HomeSportThe rise of golf starlet Emily Jones

The rise of golf starlet Emily Jones

ON this chilly Wednesday morning, golf starlet Emily Jones keenly absorbed instructions and tips from her father, Geraint as she practised at the Chapman Golf Club.


Emily Jones receives her trophy from Zambia's First Lady Esther Lungu after helping Zimbabwe win the Giberson and Page Trophy
Emily Jones receives her trophy from Zambia’s First Lady Esther Lungu after helping Zimbabwe win the Giberson and Page Trophy

A week earlier, Emily had helped the Zimbabwe ladies golf team to a first Gilberson and Page Trophy since 2003, in Zambia. She also scooped the Zambia ladies Open Strokeplay championship.

Jones, who won the Lesotho ladies Open two months ago also led Zimbabwe to a second place finish behind South Africa at the Regional All-Africa Challenge Trophy and the Junior team to come second at the Africa Junior Championships on home soil.

If the last six months was all that mattered, the 14-year-old golf starlet would be the best Zimbabwe female golfer at the moment.

Astounded by the young golfer’s meteoric rise in the past year, Sports World last week went to watch one of Jones’ training sessions at Chapman Golf club.

“Emily won in Zambia but she was not at her best. She was hitting the ball at 85% of her normal ability. It sounds arrogant but she won the tournament playing her B game which means she has matured a lot,” Geraint Jones said during a short break.

“We have set goals for her and they are very high, but we don’t talk about them too much because it puts pressure and one may think we are living in an imaginary world.

“She has consistently progressed every year [and] got to a stage where she was way behind the best local players last year but now she is up there fighting for the top spot,” he added.

Jones who has been competing in South Africa a lot recently finished 24th in the Sanlam South African Women’s Amateur Stroke Play Championship as well as 11th at the Gauteng Ladies Open, which are commendable performances for a golfer her age.

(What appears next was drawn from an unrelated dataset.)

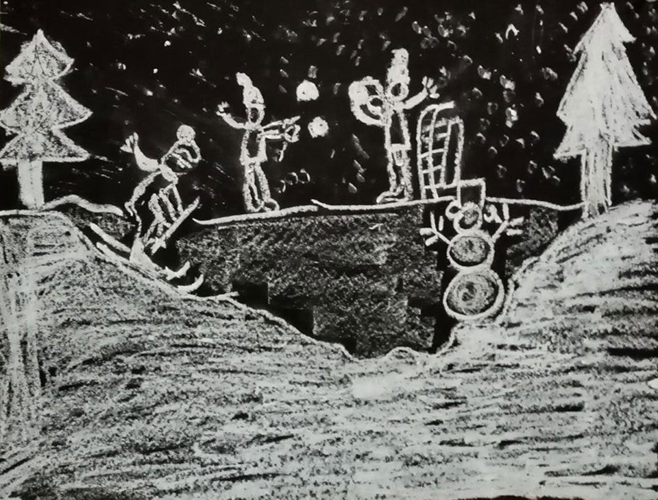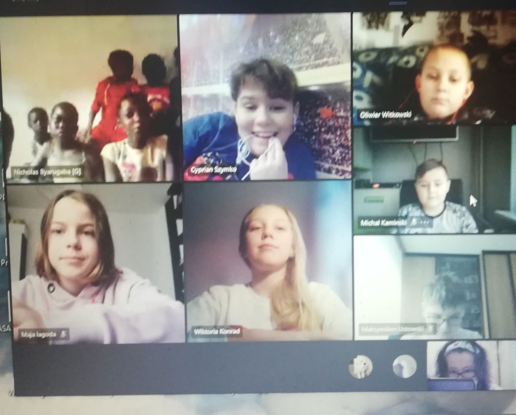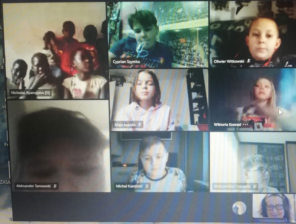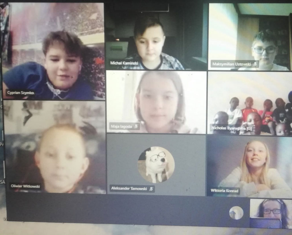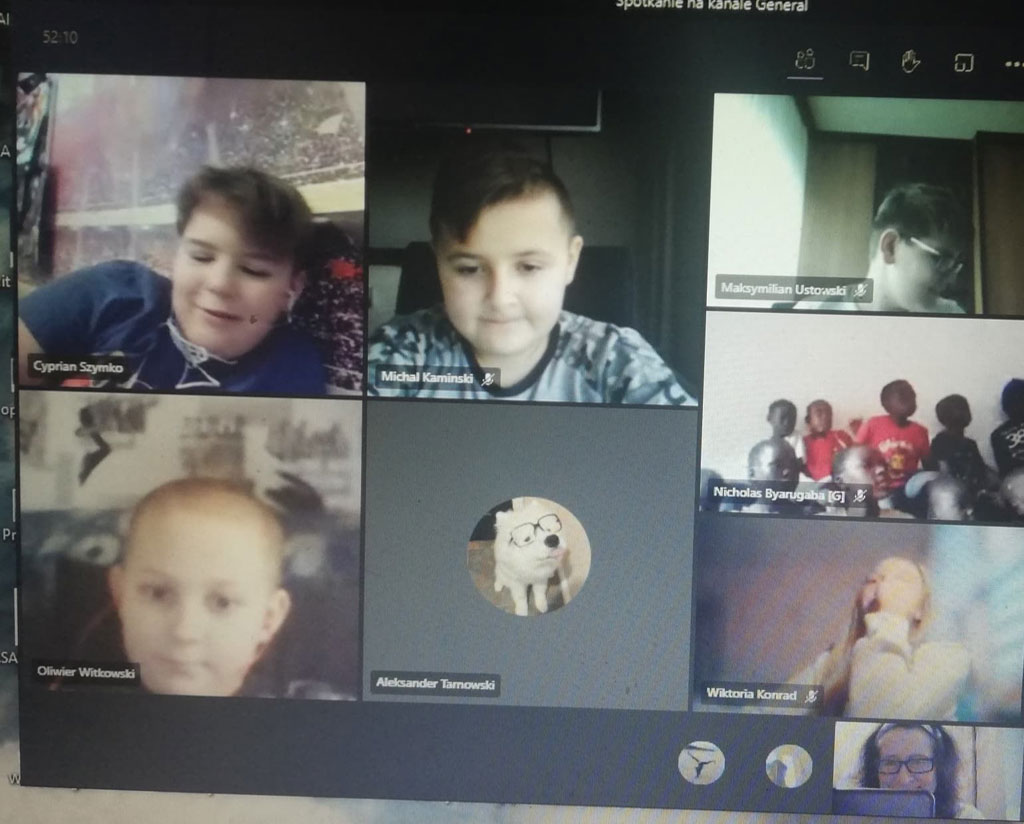 wyginąć, jakie zwierzęta lubi, jakich one się boją. Na koniec lekcji było połączenie z dziećmi z Ugandy i wróciliśmy do tematu śniegu, którego te

The reigning Zimbabwe junior champion, who retained her title last year, knows exactly what she wants to achieve.

“I want to go pro, that is my dream. I want to play on the LPGA Tour and win everything and break a few records.
Those are my goals. I want to become the world’s best in golf,” she said.

According to Geraint, if all goes according to plan, Emily could be on the pro circuit by the time she turns 20 depending on the level of her game but for now the focus is to improve her as quickly as possible.

In the meantime, Jones says she is just enjoying doing well and winning tournaments.

“It’s euphoric for me to win any competition, especially when I know I can get better. It has been a good year for me and there is always room for improvement. I would like to win the Zimbabwe Ladies Open. next, I would also like to shoot one of my best scores; that would be very good because it’s been a while since I did that,” she said.

A number of factors have helped Emily to up her game in the last couple of years and be counted among the best.

She has been taking her yoga sessions every morning very seriously, eating a lot, competing to beat her best friend Danielle Bekker, playing a lot in South Africa and of course training five hours, six days a week.

“Yoga improves my mind, flexibility, strength and discipline. It’s very healthy and good for my body. I have been on and off for the past few years but I started taking it seriously for the past year,” Emily said.

Geraint cites the exposure to South African competitions as reasons for his daughter’s incredible rise.

“She is getting exposed in South Africa. last year she was there about eight times and we are seeing the benefits.
The Bekkers (Danielle’s parents) have basically sponsored all her trips outside the country and Danielle has travelled all over the world and is probably the best lady junior golfer because she has been winning everything.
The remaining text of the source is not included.